DuckDB.NET icon indicating copy to clipboard operation
DuckDB.NET copied to clipboard

Error in large appender add

Open Cricle opened this issue 2 years ago • 11 comments

At that time I want sync mysql to duckdb, I use appender to insert ~ 50w rows.

I after checked the data consistence, some TIMESTAMP value is error.

Like that

image

But I try insert or update this row, It will be ok.

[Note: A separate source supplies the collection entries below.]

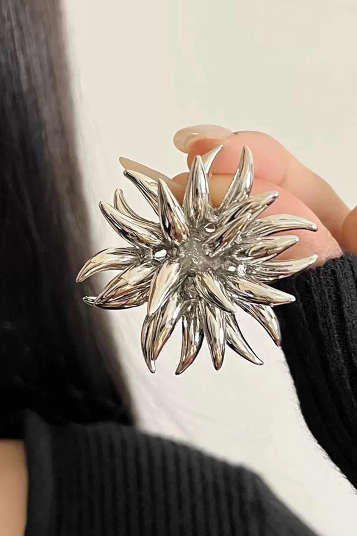 Gümüş Renk Çiçek Figürlü Küpe (Çift)
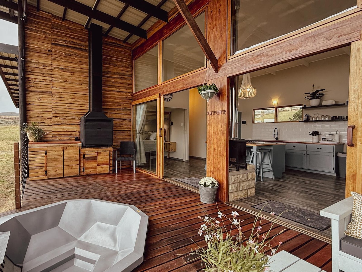 You'll love this unique and romantic escape. glamping at its best. everything you need for self catering. The tent has its own entrance and your own private wood fired hot tub for those chilly evenings or cooldown cocktail pool for hot days. We have a movie screen at the foot of your bed, a projector to watch some classics, good fibre to stream your fav apps. microwave for popcorn, electric blankets and a gas heater. a braai and potjie pot, outside dining area and a hot shower.
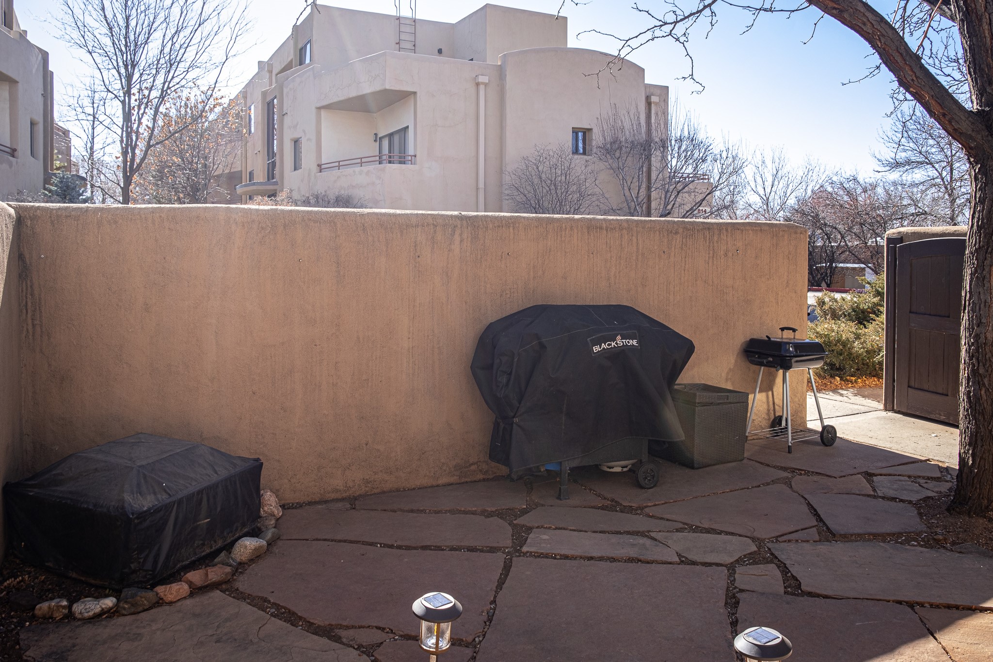 OPEN HOUSE ON SATURDAY- APRIL 1 AND SUNDAY- APRIL 2 FROM 1PM TO 4PM. SEE YOU THERE!This La Remuda condo is a hidden treasure, right in the heart of town!This unique property is located in a quiet, secluded area just 5 minutes from the plaza and 5 minutes from the interstate. You have a front patio area, large enough for entertaining. It is shaded in the summer by mature trees and there is plenty of parking for guests. Large, passive solar atrium windows bring in lots of bright sun light from the lower level of the condo to the upper level. You have a covered parking area and spacious storage at the back entrance of the condo. This is rare for Santa Fe. You enter the condo from the back door to a split level entrance where you may proceed upstairs to the bedrooms or downstairs to the living area. The tile on the stairs is newly installed as is the wood flooring upstairs. This home has been freshly painted throughout the lower living area and all vigas re-stained. The lower flooring is brick throughout the living, dining, powder room and kitchen area. High ceilings, beams and a kiva enhance the lower level for a very charming and inviting area. As it is below ground level, the lower level stays naturally cool in the summer. The upper level has an energy efficient mini split air conditioner in the master bedroom, which keeps the room as cool as you desire. come see for yourself and be sure to watch the video online as well. Home has a new roof as of NOV 2022..
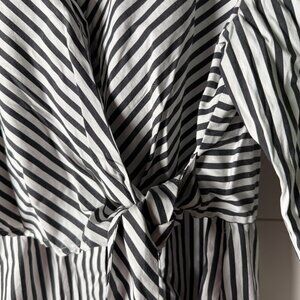 Chico's Black Label Wrap Shirt Black & White Stripe Size 2 Cotton Blend

INSERT INTO "juhe1" (_id, datetime, ja1, ja2, sa3, ca4)
VALUES (10022702, '2023-07-06 18:59:03', '2010-07-30 15:07:32', 11, '327.84', 'gNcTiI06wP')
ON CONFLICT (_id)
DO UPDATE SET datetime=EXCLUDED.datetime, ja1=EXCLUDED.ja1, ja2=EXCLUDED.ja2, sa3=EXCLUDED.sa3, ca4=EXCLUDED.ca4;

The append code is

public static Action<DuckDBAppenderRow, IDataReader>[] BuildFetcher(IDataRecord record)
{
    var fetcher = new Action<DuckDBAppenderRow, IDataReader>[record.FieldCount];
    for (int i = 0; i < fetcher.Length; i++)
    {
        var index = i;
        var type = record.GetFieldType(i);
        if (type == typeof(bool))
            fetcher[i] = (row, reader) => row.AppendValue(reader.GetBoolean(index));
        else if (type == typeof(sbyte))
            fetcher[i] = (row, reader) => row.AppendValue((sbyte)reader.GetByte(index));
        else if (type == typeof(byte))
            fetcher[i] = (row, reader) => row.AppendValue(reader.GetByte(index));
        else if (type == typeof(short))
            fetcher[i] = (row, reader) => row.AppendValue(reader.GetInt16(index));
        else if (type == typeof(ushort))
            fetcher[i] = (row, reader) => row.AppendValue((ushort)reader.GetInt16(index));
        else if (type == typeof(int))
            fetcher[i] = (row, reader) => row.AppendValue(reader.GetInt32(index));
        else if (type == typeof(uint))
            fetcher[i] = (row, reader) => row.AppendValue((uint)reader.GetInt32(index));
        else if (type == typeof(long))
            fetcher[i] = (row, reader) => row.AppendValue(reader.GetInt64(index));
        else if (type == typeof(ulong))
            fetcher[i] = (row, reader) => row.AppendValue((ulong)reader.GetInt64(index));
        else if (type == typeof(float))
            fetcher[i] = (row, reader) => row.AppendValue(reader.GetFloat(index));
        else if (type == typeof(double))
            fetcher[i] = (row, reader) => row.AppendValue(reader.GetDouble(index));
        else if (type == typeof(decimal))
            fetcher[i] = (row, reader) => row.AppendValue((double)reader.GetDecimal(index));
        else if (type == typeof(DateTime))
            fetcher[i] = (row, reader) => row.AppendValue(reader.GetDateTime(index));
        else if (type == typeof(string))
            fetcher[i] = (row, reader) => row.AppendValue(reader.GetString(index));
        else
            throw new NotSupportedException(type.ToString());
    }
    return fetcher;
}
//Here is execute code
var res = 0;
var fetcher = BuildFetcher(reader);
using (var appender = duckDBConnection.CreateAppender(tableName))
{
    var fieldCount = reader.FieldCount;
    while (reader.Read())
    {
        var row = appender.CreateRow();
        for (int i = 0; i < fieldCount; i++)
        {
            fetcher[i](row, reader);
        }
        row.EndRow();
        res++;
    }
}
return Task.FromResult(res);

The probability of this occurring is approximately once every thousands of lines.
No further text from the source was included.